The couple were great connoisseurs of German music. As a gesture of the royal favor, Leopold Mozart published six sonatas composed by Wolfgang, known as Mozart’s Opus 3, that were dedicated to the Queen on January 18, 1765.
On August 12, 1762, the King and Queen welcomed their first child, a son, the Prince of Wales. He would later become King George IV. The King and Queen went on to have 14 more children. 13 lived to adulthood while two died while they were still young.
Fiercely protective of her children, she particularly kept her daughters within close vicinity. Subsequently, some of them married much later in life.
Experiencing strife with her mother-in-law, Queen Charlotte had a challenging time settling into her new post. Queen Charlotte’s activities were heavily monitored and reported back to Princess Augusta, her mother-in-law.
Queen Charlotte had minimal influence on political issues, in which she did in a discrete and passive manner. She was known to be respectful and kind to her workers. She kept herself busy with German affairs.
In 1788, King George III had one of many bouts of mental illness. Though the first outburst was kept from her due to the decision of Princess Agatha, Queen Charlotte knew of the others.

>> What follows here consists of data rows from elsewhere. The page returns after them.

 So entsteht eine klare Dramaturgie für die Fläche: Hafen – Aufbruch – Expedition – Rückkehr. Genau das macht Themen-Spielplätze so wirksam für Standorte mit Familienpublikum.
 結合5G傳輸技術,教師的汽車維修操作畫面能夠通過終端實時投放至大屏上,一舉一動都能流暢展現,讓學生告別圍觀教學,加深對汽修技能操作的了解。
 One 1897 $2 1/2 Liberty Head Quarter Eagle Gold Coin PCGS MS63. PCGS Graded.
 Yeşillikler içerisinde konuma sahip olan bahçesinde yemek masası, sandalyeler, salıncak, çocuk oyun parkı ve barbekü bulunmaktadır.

Due to her husband’s sickness, Queen Charlotte isolated herself from King George III; they slept in separate rooms and didn’t share meals together. Queen Charlotte was frightened of King George’s erratic behavior. The King’s sickness profoundly affected Queen Charlotte. She became depressed and withdrew from activities she once enjoyed. The Queen found refuge by moving to a new residence and by tending to her gardens.

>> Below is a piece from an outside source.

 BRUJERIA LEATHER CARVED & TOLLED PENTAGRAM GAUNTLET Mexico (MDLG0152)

With the introduction of new species of plants and flowers, Queen Charlotte became acquainted with unique botany. The South African flower, the Bird of Paradise was renamed Strelitzia reginae in her honor.

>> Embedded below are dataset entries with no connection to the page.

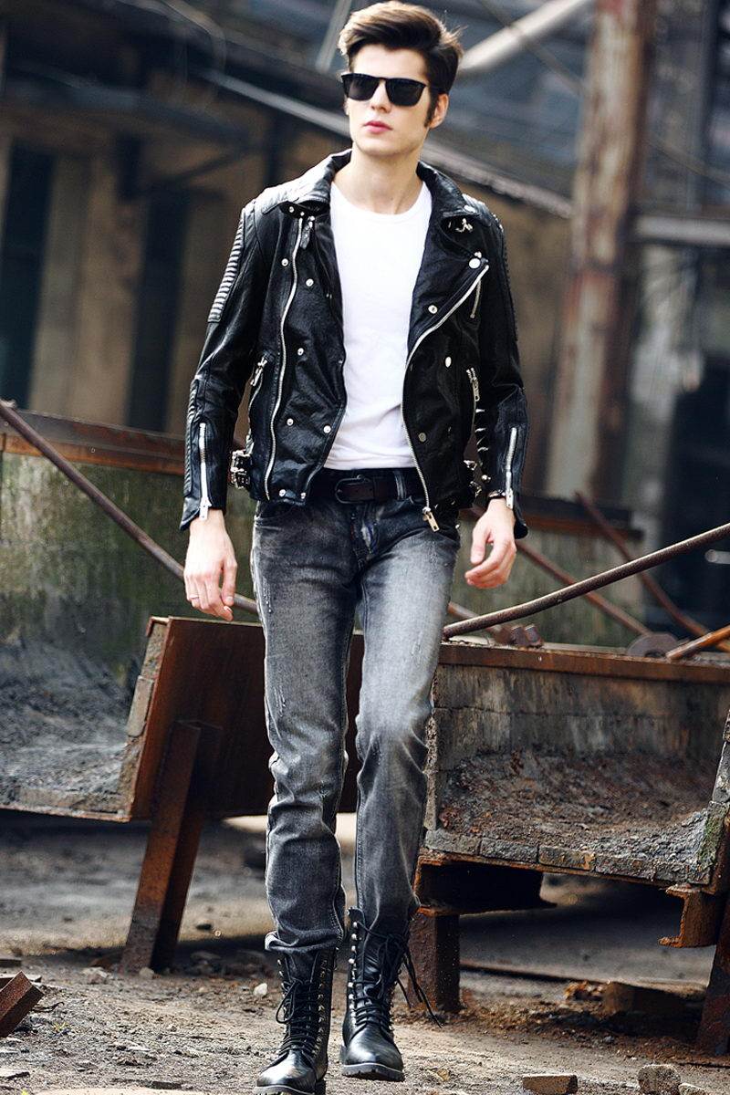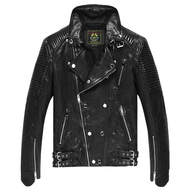 Trendy men's locomotive dermis leather clothing male teen to fix Europe and America Hainen Leisure Sheep leather man jacket
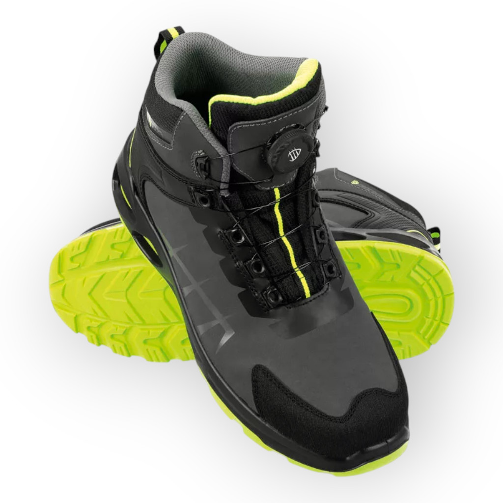 NEXO HIGH S3S SR FO biztonsági bakancsot azoknak tervezték, akiknek a munkája megköveteli a maximális védelmet és a kényelmet egész nap. A cipő modern, sportos megjelenésű, fekete–neon sárga színvilága nemcsak látványos, hanem jól láthatóvá is teszi viselőjét. - Védelmi kategória: S3S SR FO - Felsőrész: vízlepergető, légáteresztő softshell anyag - Orrvédelem: acél orrmerevítő – könnyű, mégis erős - Talp: kevlár talplemez, olaj- és csúszásálló, sav- és lúgálló - Záródás: modern gyorsfűzős (BOA típusú) rendszer – egyszerű és gyors felvétel - Bélés: nedvességelvezető, antibakteriális bélés a friss komfortért - Talpbetét: ergonomikus, kivehető, energiaelnyelő sarokrésszel - Szín: fekete neon sárga betétekkel.
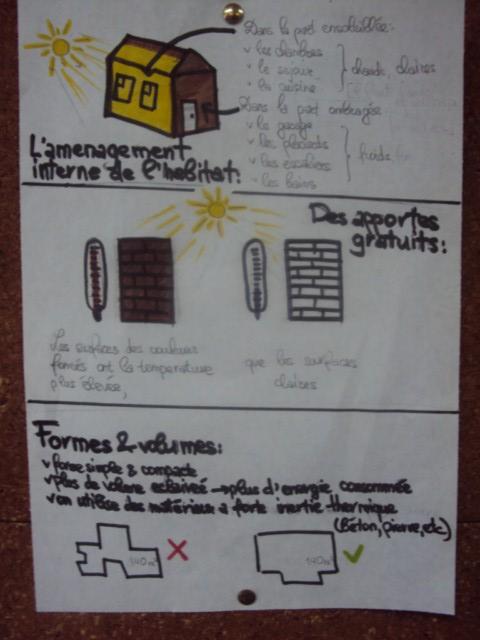 L’après-midi, on s’est de nouveau séparés en plusieurs groupes pour travailler sur différentes principes de architecture bioclimatique. Chaque équipe a expliqué une principe :
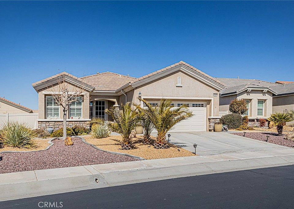 Welcome to the Private Gated Adult 55+ Community at Sun City Del Webb in Apple Valley! This perfectly well maintained two bedroom and two bathroom single story house has lots of things to offer. It has open floor plan with high ceilings and besides the two bedroom, it has a bonus room that can be used as an office or a hobby room. The Kitchen features oak cabinets with lots of storage and the dining area has pantry and breakfast bar. There is tile flooring in the kitchen, entry and all bathrooms and laminate flooring through out the house. It has central air conditioning and heater. The living has a nice fire place. The master bedroom has a big walk-in closet located in the private bathroom dual sink and walk-in shower. The guest bathroom has a tub. There is an indoor laundry room with utility sink. The back yard has a covered patio for BBQ and plenty of room for vegetable garden, fruit trees and possible putting for Golf practice. The front yard is well landscaped for low maintenance. The seller paid high premium for the big lot.
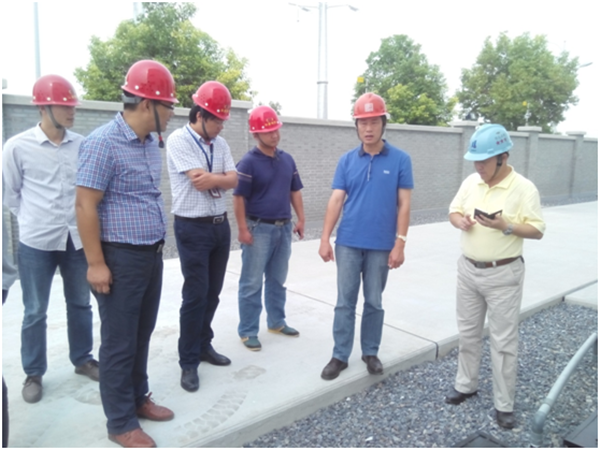 進入許莊變電站后,劉建華為前來觀摩學習人員做了現場講解,重點介紹了站內道路、圍墻、外墻、附屬雨污水管道工程,在施工中采用科學工藝和先進的管理辦法。參觀單位對許莊變電站的各項工程的觀感質量,表示了肯定和贊揚,紛紛表示要加強總結和學習。
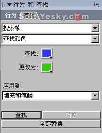 在“查找”右邊的顏色預(yù)覽窗中選擇所要查找的色彩,然后在“更改為”右邊的顏色預(yù)覽窗選擇一種用來(lái)替換新的顏色。當(dāng)點(diǎn)擊下方的“查找”按鈕時(shí),只會(huì)把“查找”右邊顏色預(yù)覽窗的色彩找出來(lái),而點(diǎn)擊“替換”或“全部替換”時(shí),則會(huì)將查找到的色彩進(jìn)行更換。

Queen Charlotte and Queen Marie Antoinette shared a strong friendship, by writing to each other often. Marie Antoinette confided in Queen Charlotte about the onset of the French Revolution. When Marie Antoinette was executed, Queen Charlotte was understandably disheartened.
In 1811, King George III became permanently ill. Consequently, Queen Charlotte was appointed as his legal guardian. Their son, the Prince Regent assumed royal power. Due to King George’s violent behavior, Queen Charlotte refrained from visiting her husband after 1812.
On November 17, 1818, Queen Charlotte died. King George III died 14 months later. Queen Charlotte was the second longest serving consort in British history; having served 57 years.
Her eldest son, Prince Regent was bestowed with Queen Charlotte’s jewels. All of her other belongings were sold at an auction. Christie’s sold her snuff, furniture and clothing.
Queen Charlotte has numerous honors bestowed upon her post-humously including a statue of her in Queen Square in Bloomsbury, London, and at the Charlotte/Douglas International Airport in Charlotte, North Carolina.